**Dataset content:**
※ ※ ※
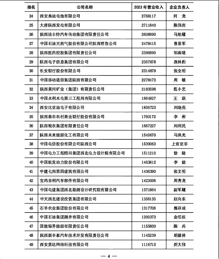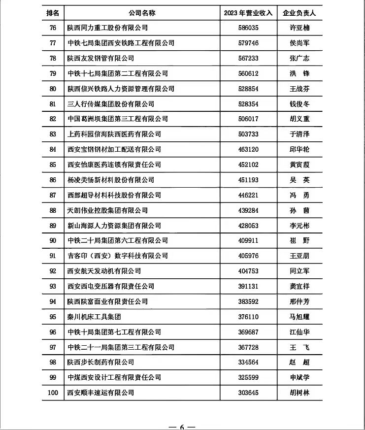 附一:2024陜西企業(yè)100強(qiáng)排序名單
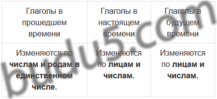 | Глаголы в прошедшем времени | Глаголы в настоящем времени | Глаголы в будущем времени |
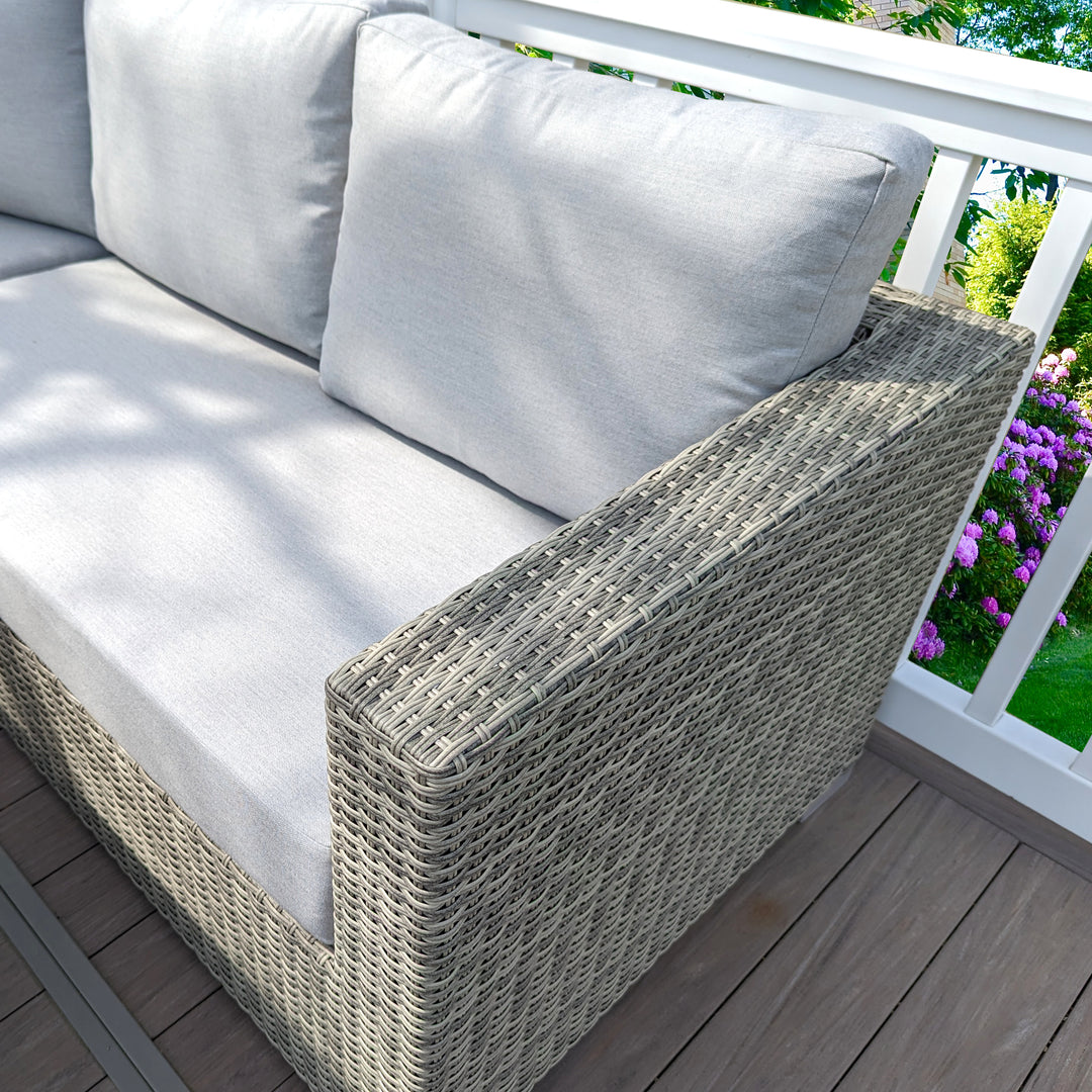 Experience the perfect blend of comfort and versatility with the Aya Wicker 4-Piece Corner Sectional. Designed for comfort, this set offers exceptional seating with an ideal seat height and plush cushions. Crafted for durability and style, Aya brings timeless elegance to your outdoor space.
※ ※ ※
**Directions:** Although the material contains pictures, only the lines are to be written out, exactly as they stand.

**Result of this exercise:**
 附一:2024陜西企業(yè)100強(qiáng)排序名單
 | Глаголы в прошедшем времени | Глаголы в настоящем времени | Глаголы в будущем времени |
 Experience the perfect blend of comfort and versatility with the Aya Wicker 4-Piece Corner Sectional. Designed for comfort, this set offers exceptional seating with an ideal seat height and plush cushions. Crafted for durability and style, Aya brings timeless elegance to your outdoor space.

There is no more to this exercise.